Question about duration

Rule of thumb is 1% x # of years duration change in price in opposite direction of rate change.

Example, your duration is 5 years. Rates go up 2%. You lose 10%.
 
Rule of thumb is 1% x # of years duration change in price in opposite direction of rate change.

Example, your duration is 5 years. Rates go up 2%. You lose 10%.
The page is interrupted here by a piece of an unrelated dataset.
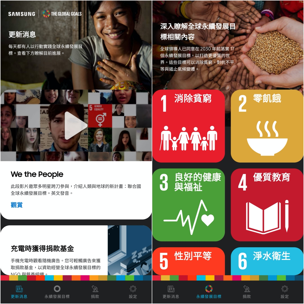最後一個想推薦的是 Samsung Global Goals 這個 APP,平常阿湯本來就有捐款的習慣,除了有固定捐款的單位外,平常有注意到一些弱勢的單位等,有需求我也會進行捐款,而這個 Global Goals,只要你開啟後,就會在你充電不使用時,在螢幕上播放廣告,只要你點擊廣告就能夠捐款出去,用來資助 NGO 與慈善組織,我覺得是相當有意義的一件事,二話不說就是開啟,還把我其他 Samsung 的手機立刻都打開了。

I'm still not clear..If current share price $8.71 and current duration is 6.4 yrs. and rates rise 3% what would share price drop to..Please if you don't mind show your work..THANKS
 
Is it 6.4x3%=19.2%
19.2%x$8.71=1.67
$8.71-$1.67= $7.04
?
 
"A general rule is that with every 1% change in interest rates (up or down), the price will also change around 1% in the opposite direction, for each year of duration. For example, if a bond has a value of $100, a duration of 4 years, and rates rise 1%, then the price would decrease by 4% to $96 (1% x 4 years).Jun 18, 2020"
 
No. There is no formula which is going to tell you that.

The reasoning is that the NAV of the bond fund is the sum of the NAVs of the constituent individual bond holdings (spread over the number of fund shares). The NAV of each of those bond issues is determined by its "price", which is the mark-to-market and it is revalued nightly. Mark-to-market is not singularly pushed around by interest rate changes, it is based on the (last) quote...so it is influenced by investor irrationality.
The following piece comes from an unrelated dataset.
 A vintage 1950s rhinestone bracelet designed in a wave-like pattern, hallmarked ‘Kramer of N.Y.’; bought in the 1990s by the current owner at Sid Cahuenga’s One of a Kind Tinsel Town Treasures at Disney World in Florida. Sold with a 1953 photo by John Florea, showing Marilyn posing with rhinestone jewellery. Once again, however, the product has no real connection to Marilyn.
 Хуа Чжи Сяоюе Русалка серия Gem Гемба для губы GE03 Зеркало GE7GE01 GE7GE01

For bonds that are illiquid or there is no market, the fund may apply a proprietary formula for coming up with a valuation, which may be unreliable.

So, mark-to-market may not accurately reflect a bond's true value as interest rates change. That means you are not going to be able to determine how the NAV of the fund is going to change day to day simply by looking at interest rate changes. It boils down to what price buying/selling is taking place.
 
Remember that the "increase in rates" refers to the rates of the holdings of your fund and not the rates controlled by the Fed.